== ACTION ITEM ==
From the line with "Чорна п'ятниця. Знижки" to the line with "Pull Brunehilde 100%", output every line below exactly, both ends included. Skip the pictures.

== TASK INPUTS ==
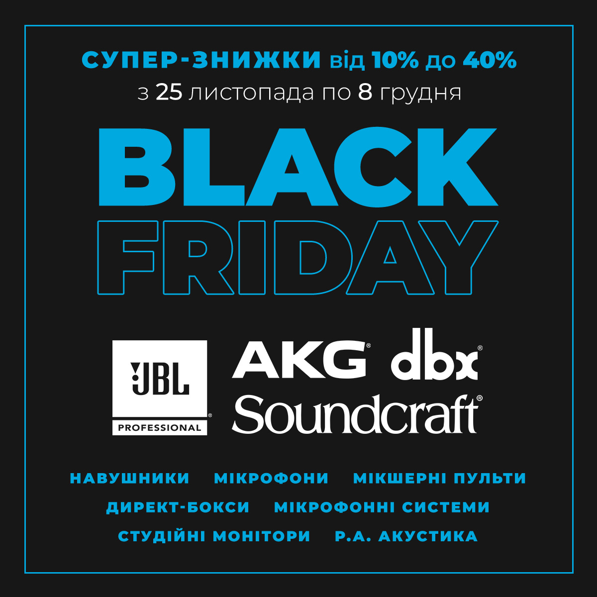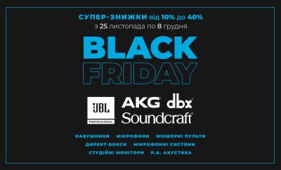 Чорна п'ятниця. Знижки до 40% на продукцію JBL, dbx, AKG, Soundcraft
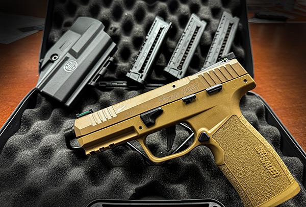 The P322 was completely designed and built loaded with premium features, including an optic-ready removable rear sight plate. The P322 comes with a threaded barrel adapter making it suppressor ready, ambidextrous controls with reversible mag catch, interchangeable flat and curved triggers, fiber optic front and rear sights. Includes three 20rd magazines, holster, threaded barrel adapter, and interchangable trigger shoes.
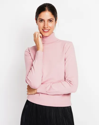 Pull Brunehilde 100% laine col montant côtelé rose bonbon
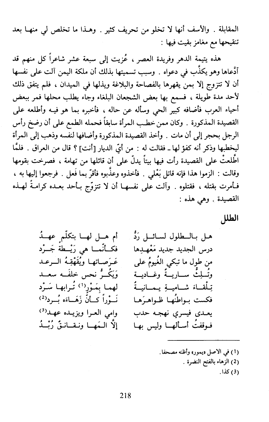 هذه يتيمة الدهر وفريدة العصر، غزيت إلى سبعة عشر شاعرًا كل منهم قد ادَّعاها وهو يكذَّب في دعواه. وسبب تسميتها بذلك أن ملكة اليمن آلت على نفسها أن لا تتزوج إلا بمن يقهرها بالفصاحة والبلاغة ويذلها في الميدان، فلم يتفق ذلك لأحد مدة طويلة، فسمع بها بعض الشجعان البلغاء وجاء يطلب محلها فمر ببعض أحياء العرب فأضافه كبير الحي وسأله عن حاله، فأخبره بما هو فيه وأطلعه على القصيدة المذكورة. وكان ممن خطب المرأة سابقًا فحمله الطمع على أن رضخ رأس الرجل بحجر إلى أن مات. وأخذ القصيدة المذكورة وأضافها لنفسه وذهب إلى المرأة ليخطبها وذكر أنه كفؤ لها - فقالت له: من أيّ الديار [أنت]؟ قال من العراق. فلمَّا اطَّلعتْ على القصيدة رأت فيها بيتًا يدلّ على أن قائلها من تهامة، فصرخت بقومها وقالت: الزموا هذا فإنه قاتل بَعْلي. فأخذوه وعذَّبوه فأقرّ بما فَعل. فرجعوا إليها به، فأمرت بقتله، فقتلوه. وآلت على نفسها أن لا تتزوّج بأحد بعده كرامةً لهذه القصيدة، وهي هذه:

...

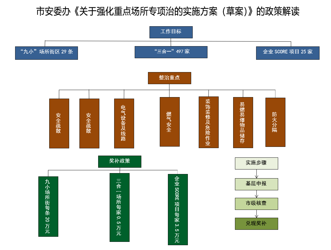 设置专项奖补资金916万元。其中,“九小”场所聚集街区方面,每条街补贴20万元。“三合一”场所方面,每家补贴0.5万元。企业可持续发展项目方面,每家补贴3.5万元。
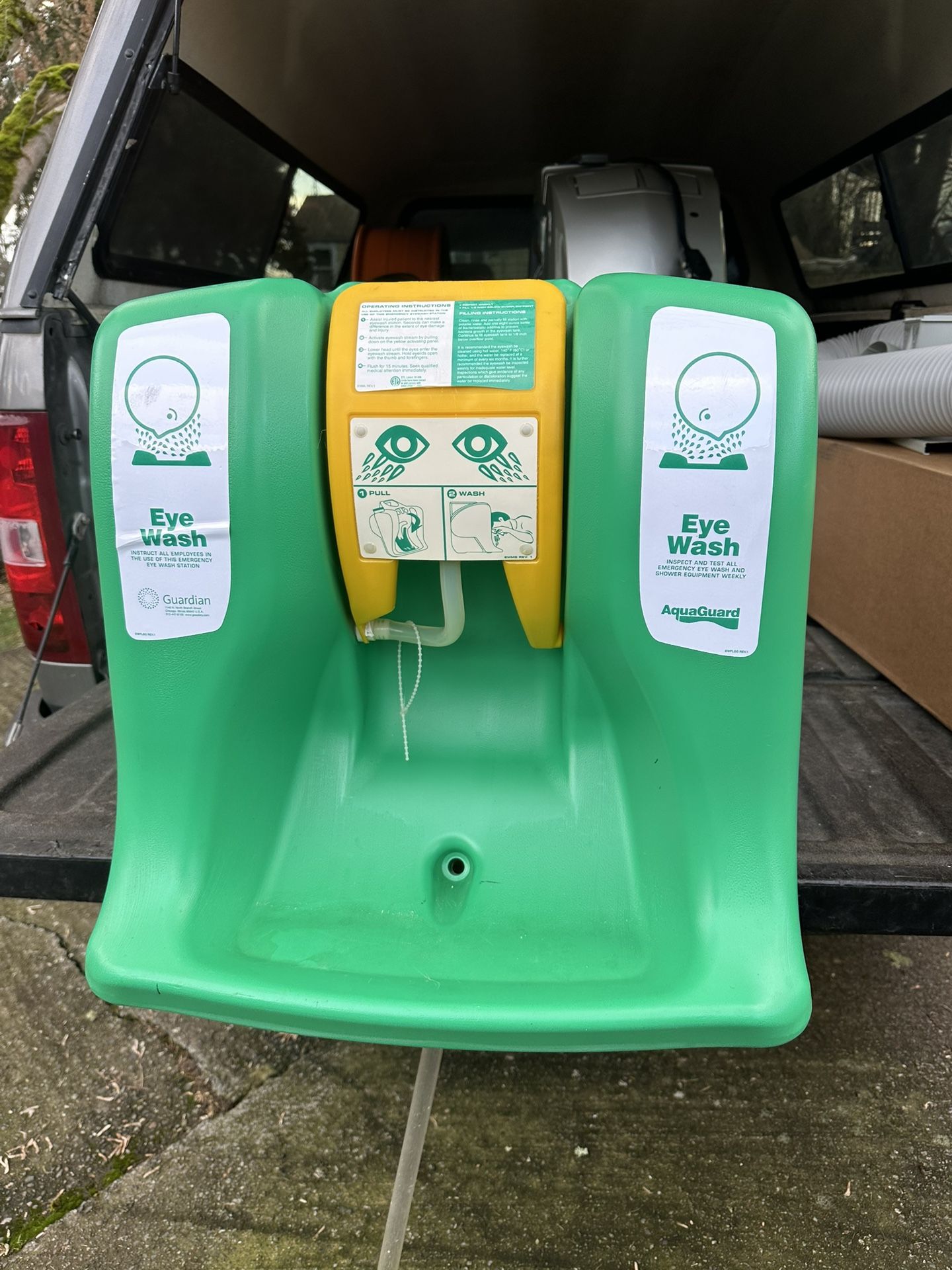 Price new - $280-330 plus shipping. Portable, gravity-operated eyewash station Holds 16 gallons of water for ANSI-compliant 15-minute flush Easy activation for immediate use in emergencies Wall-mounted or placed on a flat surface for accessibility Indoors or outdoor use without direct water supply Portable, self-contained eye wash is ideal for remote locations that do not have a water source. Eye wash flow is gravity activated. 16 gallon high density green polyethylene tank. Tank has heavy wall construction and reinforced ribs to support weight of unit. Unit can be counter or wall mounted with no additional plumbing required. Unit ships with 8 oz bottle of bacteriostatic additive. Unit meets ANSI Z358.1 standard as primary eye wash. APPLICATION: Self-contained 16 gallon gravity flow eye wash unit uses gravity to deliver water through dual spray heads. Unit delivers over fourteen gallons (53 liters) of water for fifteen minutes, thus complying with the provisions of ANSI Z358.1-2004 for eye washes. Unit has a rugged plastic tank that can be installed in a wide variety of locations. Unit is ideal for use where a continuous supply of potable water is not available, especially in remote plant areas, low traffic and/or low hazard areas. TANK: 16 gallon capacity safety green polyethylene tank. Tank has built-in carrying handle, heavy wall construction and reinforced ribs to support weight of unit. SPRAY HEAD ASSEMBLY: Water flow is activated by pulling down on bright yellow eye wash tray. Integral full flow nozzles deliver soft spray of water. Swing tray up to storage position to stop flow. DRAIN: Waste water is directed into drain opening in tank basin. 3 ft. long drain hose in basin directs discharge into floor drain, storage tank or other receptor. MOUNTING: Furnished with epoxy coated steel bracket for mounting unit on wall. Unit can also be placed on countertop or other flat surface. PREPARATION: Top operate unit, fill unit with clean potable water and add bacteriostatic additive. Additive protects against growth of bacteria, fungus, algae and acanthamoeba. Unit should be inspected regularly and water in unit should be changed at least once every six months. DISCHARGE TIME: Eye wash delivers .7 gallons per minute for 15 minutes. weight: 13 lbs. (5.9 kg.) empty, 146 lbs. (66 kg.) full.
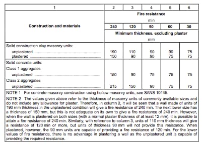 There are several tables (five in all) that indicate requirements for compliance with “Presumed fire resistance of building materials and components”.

* * *

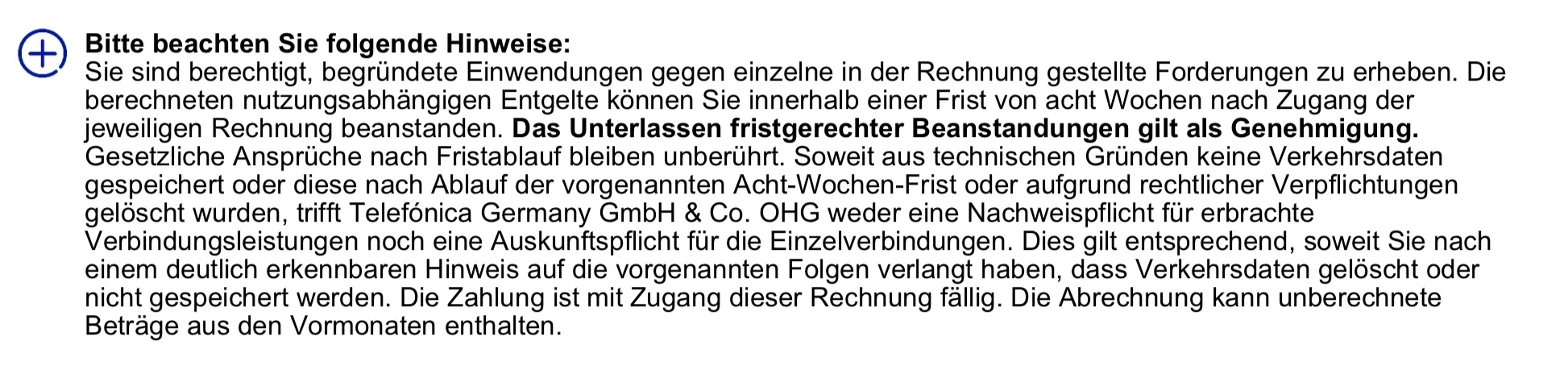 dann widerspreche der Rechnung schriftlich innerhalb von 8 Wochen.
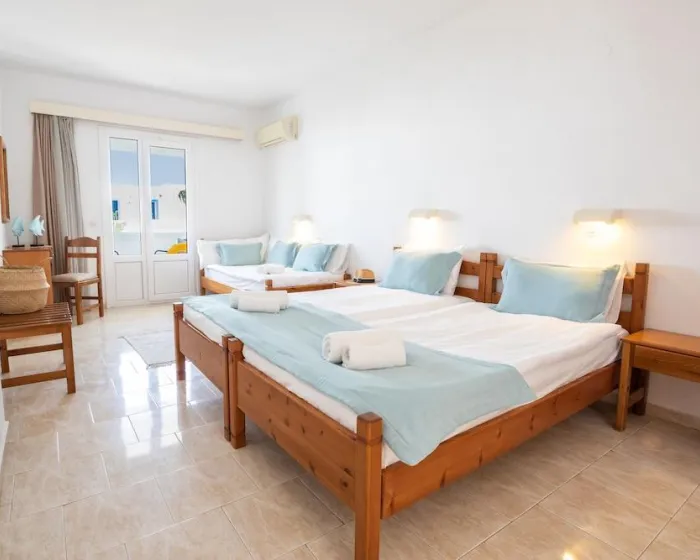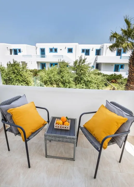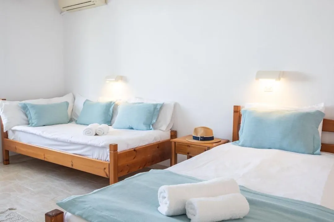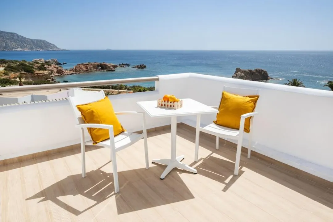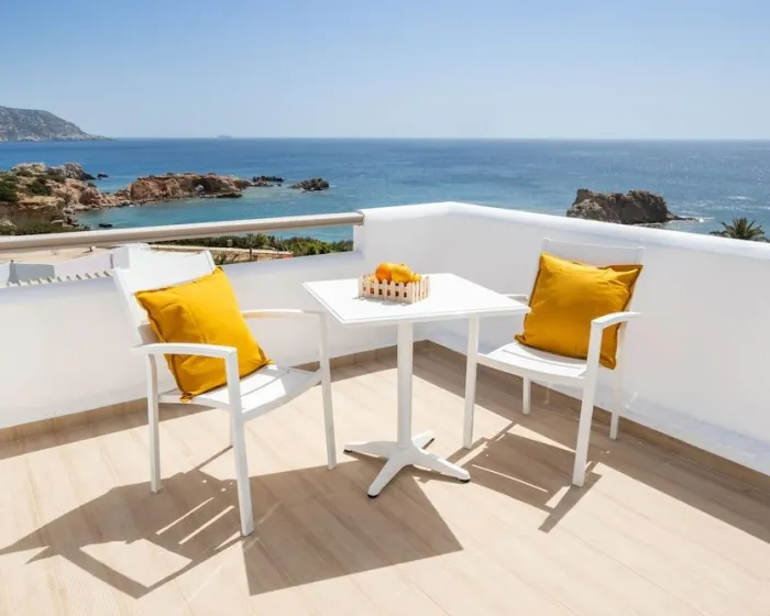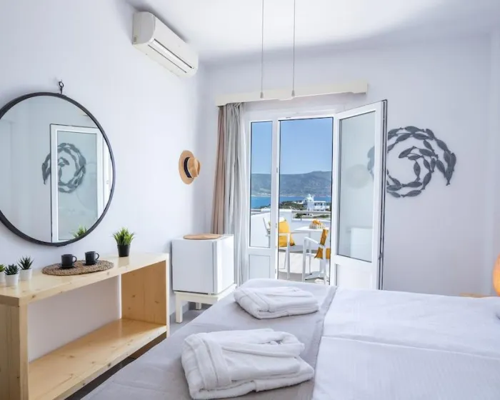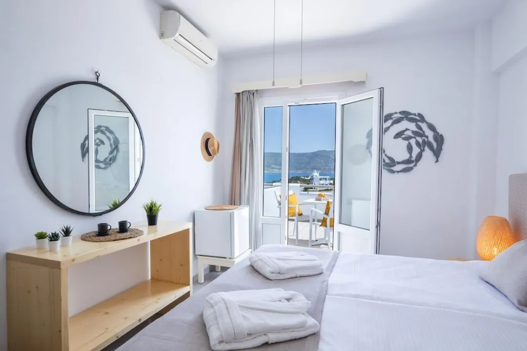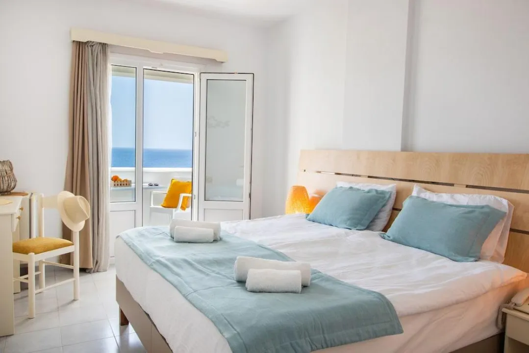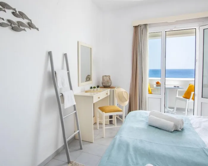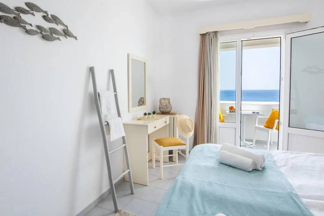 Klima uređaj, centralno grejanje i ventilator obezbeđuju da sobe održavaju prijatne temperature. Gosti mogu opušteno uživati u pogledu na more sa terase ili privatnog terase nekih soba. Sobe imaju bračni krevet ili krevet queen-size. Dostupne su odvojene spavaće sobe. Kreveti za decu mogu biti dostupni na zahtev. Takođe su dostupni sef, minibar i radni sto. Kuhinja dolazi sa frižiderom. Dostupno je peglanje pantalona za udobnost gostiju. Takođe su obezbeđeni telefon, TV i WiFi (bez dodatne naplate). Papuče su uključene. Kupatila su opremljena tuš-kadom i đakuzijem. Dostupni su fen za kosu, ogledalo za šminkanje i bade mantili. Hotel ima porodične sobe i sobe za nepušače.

== SOLUTION TO THE PROBLEM ==
 Чорна п'ятниця. Знижки до 40% на продукцію JBL, dbx, AKG, Soundcraft
 The P322 was completely designed and built loaded with premium features, including an optic-ready removable rear sight plate. The P322 comes with a threaded barrel adapter making it suppressor ready, ambidextrous controls with reversible mag catch, interchangeable flat and curved triggers, fiber optic front and rear sights. Includes three 20rd magazines, holster, threaded barrel adapter, and interchangable trigger shoes.
 Pull Brunehilde 100% laine col montant côtelé rose bonbon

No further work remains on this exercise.